MARKETING, EDUCATION, AND OUTREACH (ME&O)
SCE proposed a ME&O campaign for its new TOU period roll-out in direct testimony.95
While that proposal was challenged in part by SBUA, those differences were resolved through
the Joint Stipulation Between Southern California Edison (SCE) and Small Business Utility
Advocates (SBUA) Resolving Issues in SCE’s 2016 Rate Design Window Proceeding (A.16-09-
003)).96 With the clarifications and additions provided for in that stipulation, SCE’s ME&O plan
should be approved in its entirety.
VI.
DISTRIBUTED ENERGY RESOURCES ACTION PLAN
SCE’s supplemental testimony demonstrated how SCE’s proposals in this proceeding
meet the applicable “vision” and “continuing” elements of the Commission’s November 10,
2016 Distributed Energy Resources Action Plan.97 Among other things, SCE demonstrated that
its TOU proposals reflect the time-variation of marginal costs and, that overall, sending
customers economically-efficient price signals “will help compensate DER customers fairly
while helping to maintain non-DER customer affordability.”98 In addition, Mr.
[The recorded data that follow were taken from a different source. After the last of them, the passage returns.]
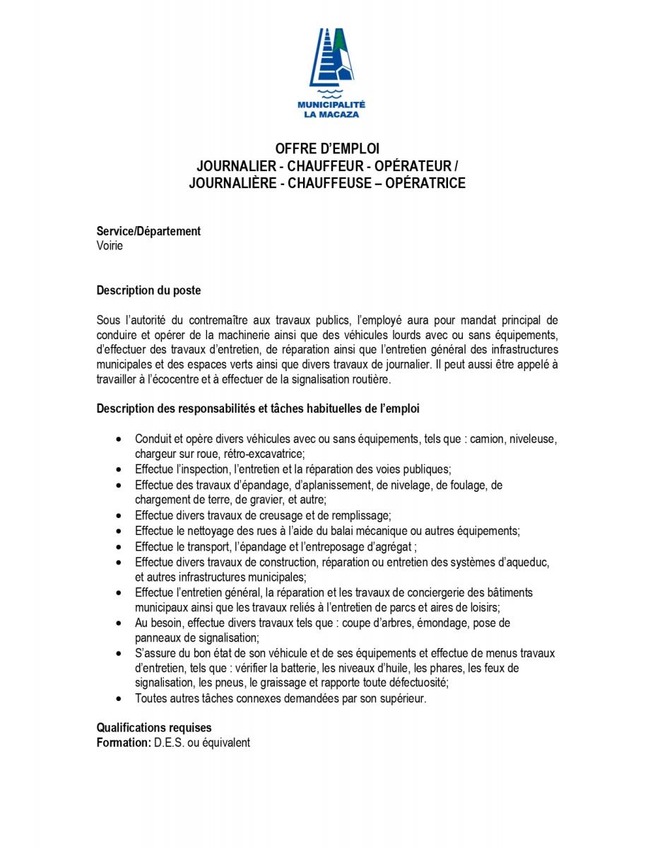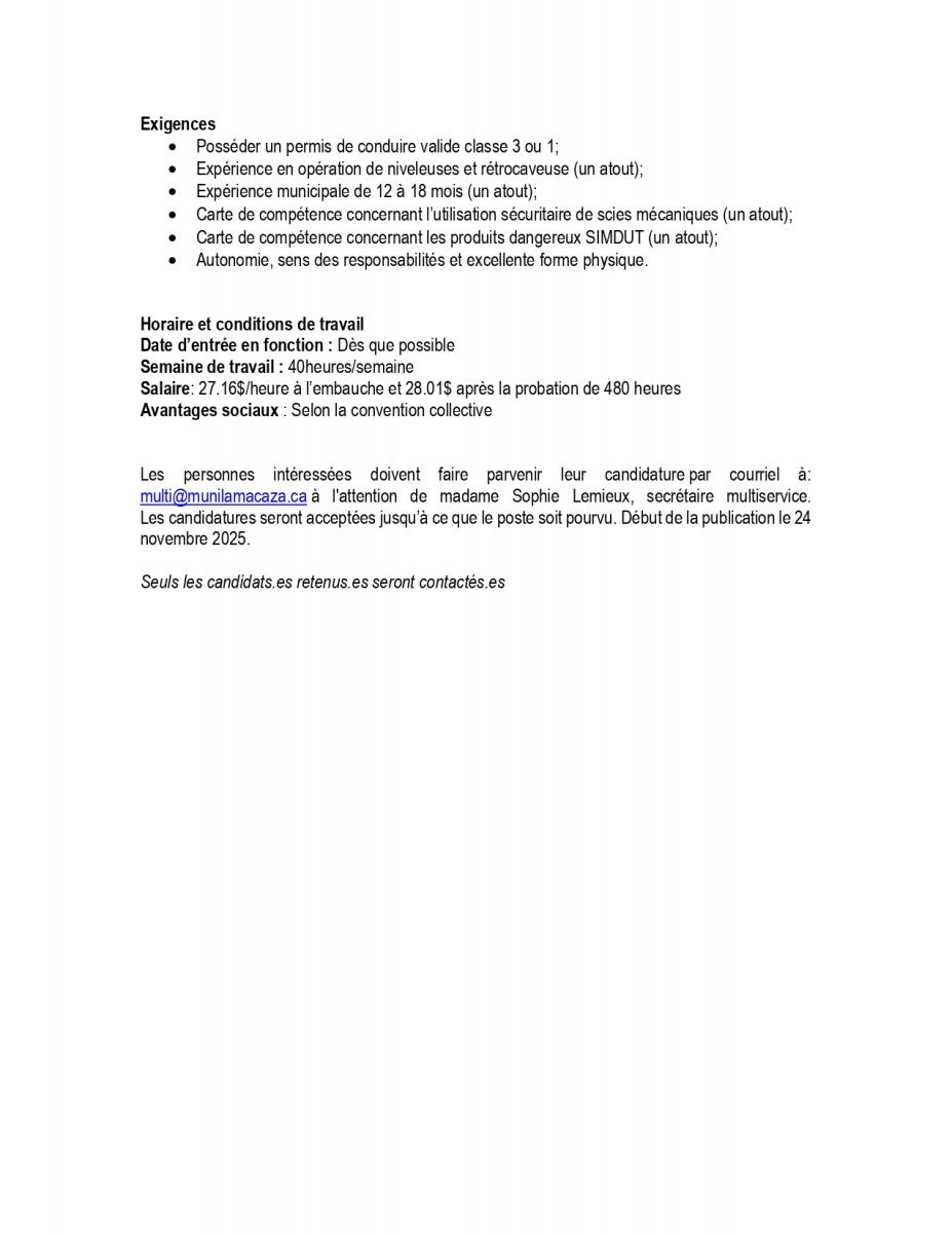 La Municipalité de La Macaza recrute : JOURNALIER-ÈRE / CHAUFFEUR-EUSE / OPÉRATEUR-TRICE
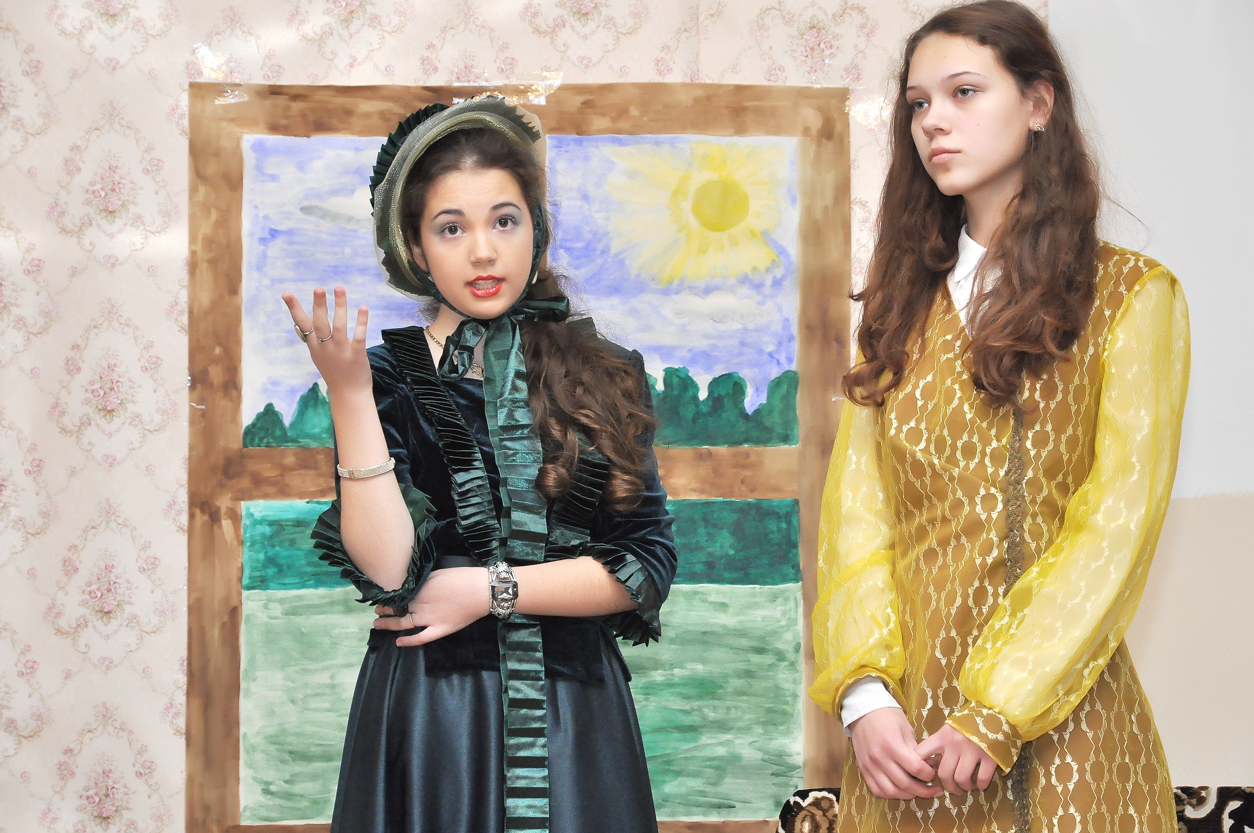 Дима Душин был признан не только лучшим актером, но и лучшим рабочим сцены, ведь он сам в течение 10 дней с дрелью и молотком смастерил две огромные декорации, а Наташа Зонова их великолепно оформила как настоящий художник-оформитель. И это все произошло благодаря Насте Лазо, которая блистала в прежние годы в роли Ларисы Огудаловой (пьеса «Бесприданница»), а теперь учится на профессиональную актрису. Вот она-то и подсказала своей родной сестре Лизе сыграть Юленьку. Гости неоднократно выражали свой восторг по поводу её таланта. Ещё бы, ведь костюм (зеленое бархатное платье и шляпки) для её и её сценической сестры Полины сшила мама, Лазо Елена Викторовна.
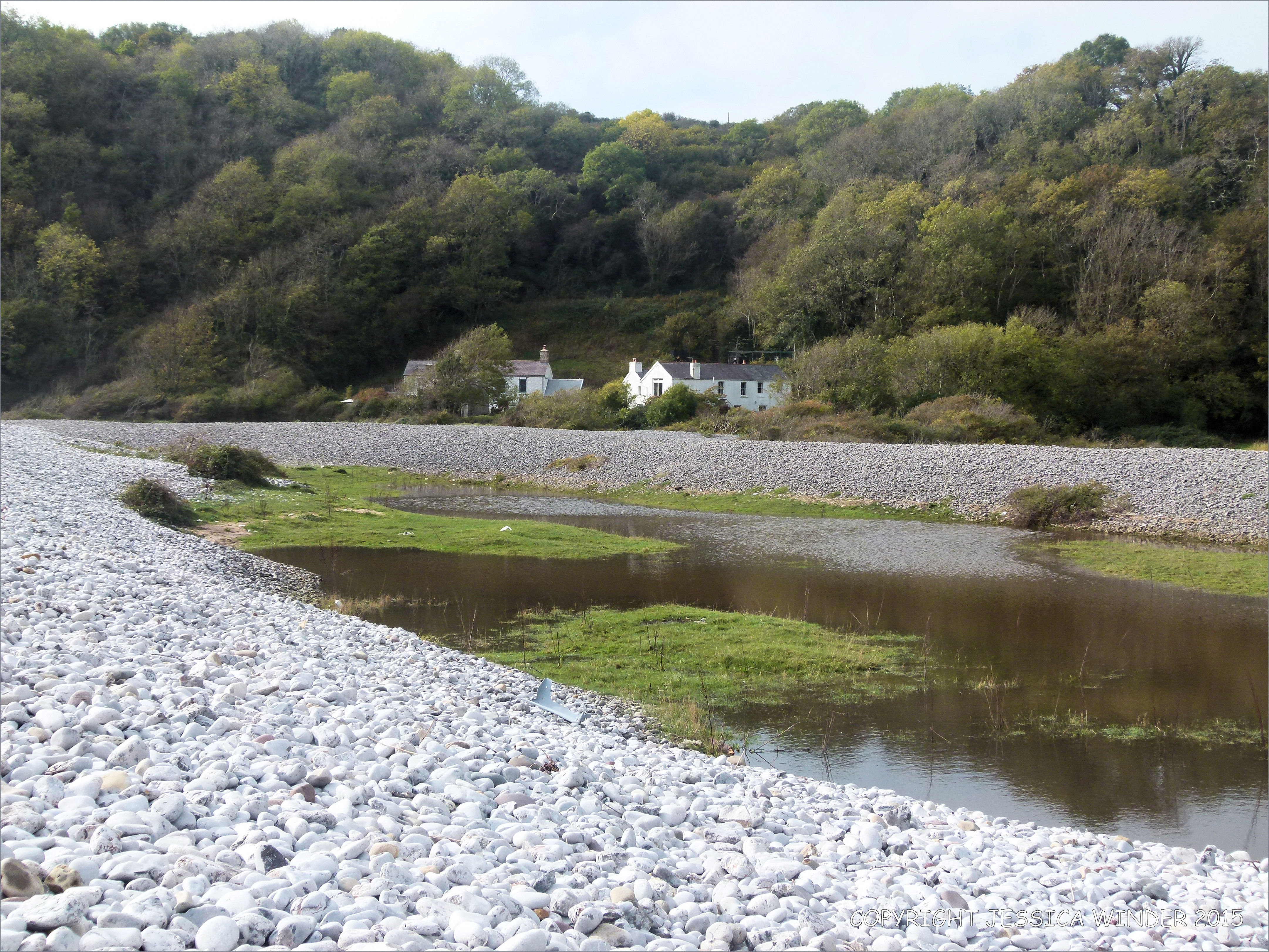 Pwll Du Shingle Banks 34 – The water of the Bishopston Pill watercourse dammed up behind the shingle banks at Pwll Du on the Gower Peninsula in South Wales. The two white buildings were once pubs catering for the many quarrymen extracting limestone from the valley sides and the headland.

Garwacki
testified that the new proposed TOU periods would encourage certain kinds of DER adoption,
namely energy storage.99 Overall, however, specific rate designs and potential mitigation
measures as they relate to DERs as a result of the new TOU periods adopted in this proceeding
95 Exhibit SCE-01, pp. 79-82. 96 Exhibit SCE-SBUA-1, p. 1. See also pending August 24, 2017, Joint Motion of Southern California
Edison Company (U 338-E) and Small Business Utility Advocates for Adoption of Settlement Agreement.
97 See generally, Exhibit SCE-02. 98 Exhibit SCE-02, p. 9. 99 SCE, Garwacki, Evidentiary Hearing Tr. 1: 92-93.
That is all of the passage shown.